• _ASSIGNMENT_: Type out every entry again, character for character.

• _DATASET ENTRIES_:
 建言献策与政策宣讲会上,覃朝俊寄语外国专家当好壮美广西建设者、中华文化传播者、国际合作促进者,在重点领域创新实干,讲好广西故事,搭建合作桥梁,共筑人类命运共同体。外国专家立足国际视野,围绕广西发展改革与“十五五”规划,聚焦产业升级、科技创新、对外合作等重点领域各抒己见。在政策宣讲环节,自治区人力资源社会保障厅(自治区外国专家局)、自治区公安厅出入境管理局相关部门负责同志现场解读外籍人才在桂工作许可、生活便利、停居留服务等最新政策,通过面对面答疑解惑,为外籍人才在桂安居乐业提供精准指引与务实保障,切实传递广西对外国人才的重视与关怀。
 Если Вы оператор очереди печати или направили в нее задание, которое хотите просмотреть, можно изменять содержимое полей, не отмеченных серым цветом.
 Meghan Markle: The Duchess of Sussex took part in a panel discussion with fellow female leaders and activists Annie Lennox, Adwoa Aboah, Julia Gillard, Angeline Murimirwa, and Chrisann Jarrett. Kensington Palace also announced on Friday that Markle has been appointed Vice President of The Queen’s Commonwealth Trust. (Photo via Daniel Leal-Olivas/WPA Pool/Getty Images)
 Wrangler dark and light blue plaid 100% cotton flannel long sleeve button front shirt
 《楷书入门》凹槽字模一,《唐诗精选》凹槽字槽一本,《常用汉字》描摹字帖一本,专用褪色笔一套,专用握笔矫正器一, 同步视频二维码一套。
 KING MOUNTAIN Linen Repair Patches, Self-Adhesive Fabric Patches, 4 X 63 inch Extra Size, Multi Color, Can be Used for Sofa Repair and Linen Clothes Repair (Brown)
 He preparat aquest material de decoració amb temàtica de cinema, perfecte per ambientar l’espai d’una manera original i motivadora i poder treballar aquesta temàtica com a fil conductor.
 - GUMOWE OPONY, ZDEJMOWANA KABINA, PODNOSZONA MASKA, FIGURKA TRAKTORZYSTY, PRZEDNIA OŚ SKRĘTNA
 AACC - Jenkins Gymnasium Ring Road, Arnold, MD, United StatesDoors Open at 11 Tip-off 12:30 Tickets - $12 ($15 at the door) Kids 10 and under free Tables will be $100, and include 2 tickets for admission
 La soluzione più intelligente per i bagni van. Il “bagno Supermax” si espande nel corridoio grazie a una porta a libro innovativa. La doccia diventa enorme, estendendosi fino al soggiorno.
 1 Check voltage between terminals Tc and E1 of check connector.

• _ANSWER BOX_:
 建言献策与政策宣讲会上,覃朝俊寄语外国专家当好壮美广西建设者、中华文化传播者、国际合作促进者,在重点领域创新实干,讲好广西故事,搭建合作桥梁,共筑人类命运共同体。外国专家立足国际视野,围绕广西发展改革与“十五五”规划,聚焦产业升级、科技创新、对外合作等重点领域各抒己见。在政策宣讲环节,自治区人力资源社会保障厅(自治区外国专家局)、自治区公安厅出入境管理局相关部门负责同志现场解读外籍人才在桂工作许可、生活便利、停居留服务等最新政策,通过面对面答疑解惑,为外籍人才在桂安居乐业提供精准指引与务实保障,切实传递广西对外国人才的重视与关怀。
 Если Вы оператор очереди печати или направили в нее задание, которое хотите просмотреть, можно изменять содержимое полей, не отмеченных серым цветом.
 Meghan Markle: The Duchess of Sussex took part in a panel discussion with fellow female leaders and activists Annie Lennox, Adwoa Aboah, Julia Gillard, Angeline Murimirwa, and Chrisann Jarrett. Kensington Palace also announced on Friday that Markle has been appointed Vice President of The Queen’s Commonwealth Trust. (Photo via Daniel Leal-Olivas/WPA Pool/Getty Images)
 Wrangler dark and light blue plaid 100% cotton flannel long sleeve button front shirt
 《楷书入门》凹槽字模一,《唐诗精选》凹槽字槽一本,《常用汉字》描摹字帖一本,专用褪色笔一套,专用握笔矫正器一, 同步视频二维码一套。
 KING MOUNTAIN Linen Repair Patches, Self-Adhesive Fabric Patches, 4 X 63 inch Extra Size, Multi Color, Can be Used for Sofa Repair and Linen Clothes Repair (Brown)
 He preparat aquest material de decoració amb temàtica de cinema, perfecte per ambientar l’espai d’una manera original i motivadora i poder treballar aquesta temàtica com a fil conductor.
 - GUMOWE OPONY, ZDEJMOWANA KABINA, PODNOSZONA MASKA, FIGURKA TRAKTORZYSTY, PRZEDNIA OŚ SKRĘTNA
 AACC - Jenkins Gymnasium Ring Road, Arnold, MD, United StatesDoors Open at 11 Tip-off 12:30 Tickets - $12 ($15 at the door) Kids 10 and under free Tables will be $100, and include 2 tickets for admission
 La soluzione più intelligente per i bagni van. Il “bagno Supermax” si espande nel corridoio grazie a una porta a libro innovativa. La doccia diventa enorme, estendendosi fino al soggiorno.
 1 Check voltage between terminals Tc and E1 of check connector.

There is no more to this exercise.